You can’t ignore the parallels, as we collectively spend time in survival mode, isolated in uncertainty, but joined together in the experience of battling COVID-19. Like when you hear the words, “cancer free”, the impact of this pandemic doesn’t just end when we flatten the curve and the lockdown lifts.
“Survivorship,” is the health and well-being of the whole person, from the onset of something to the end of their life. It is pertinent that we recognize and accept the reality of the existence of survivorship, and the responsibility we each have as it relates to everyone and the COVID-19 pandemic. It is easy to ignore what we cannot see, but the truth is, there are no quick fixes or short term stimulus offers in “Survivorship.“
Is this the end, or just another beginning?
This is the question I asked myself 10 years ago, as I fell to my knees in the hospital parking garage, tears rolling down my cheeks, only moments after my final round of chemo.

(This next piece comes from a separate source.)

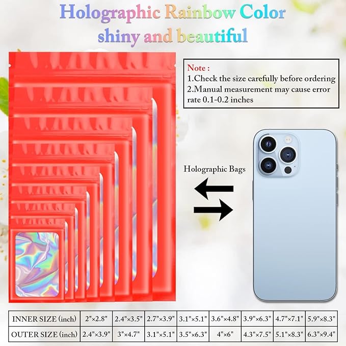 - PACKAGE INCLUDES: You will receive 100 pieces of holographic packaging bags, enough quantity for your daily use and replacement. You can send holographic bags to family and friend. Mylar bags can also serve as good decoration bag.
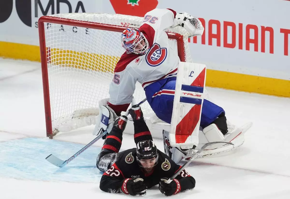 Montreal Canadiens goaltender Samuel Montembeault (35) grabs the net as Ottawa Senators right wing Michael Amadio (22) slides into him during the second period of an NHL hockey game, in Ottawa, Ontario, Saturday, Jan. 17, 2026. (Adrian Wyld/The Canadian Press via AP)

To the world and my oncologists I was finished. The veil had been lifted, and I was free to go back into society and live my life. Or at least this is what I was told. Everybody gears you up for the beginning and the middle, but nobody tells you how to prepare for what comes after.
I started a blog to share what I thought were my experiences, but it turned into an outlet to explore the thoughts,feelings and emotions I didn’t quite know how to express. Ironically, the most difficult entries turned out to be the ones written after treatments had ended, and I was so desperately trying to assimilate back into the world. Life beyond the diagnosis and treatment is in many ways the most complex part of the journey.
“Life has been a blur these past 6 months. I have been in combat mode, recoiling from diagnosis and armouring up for chemotherapy. So much has changed while I was away, and upon my return I am a different person. I have a bag of mixed emotions, from excitement, determination and strength, to fear, anger and frustration. Most days I feel refreshed at my “new” take on life and the world, but I am also dealing with some feelings of seeing things and people through eyes I never knew existed. Here you stand facing the fact that the old life is gone, and a new life has begun without your consent. Am I just another number, another statistic, another survivor, expected to re-enter life as if nothing has happened? What about the guilt and fear I have? How do I move forward and live this life feeling sorry that I have lost the old and have to face the new? That no matter how hard I try or want it, I will never again feel the innocence and freedom of the old life again. That each and everyday, even if only for a split second, I will be reminded of this journey, and the frailty of life here on earth.” [Entry from blog April 2010]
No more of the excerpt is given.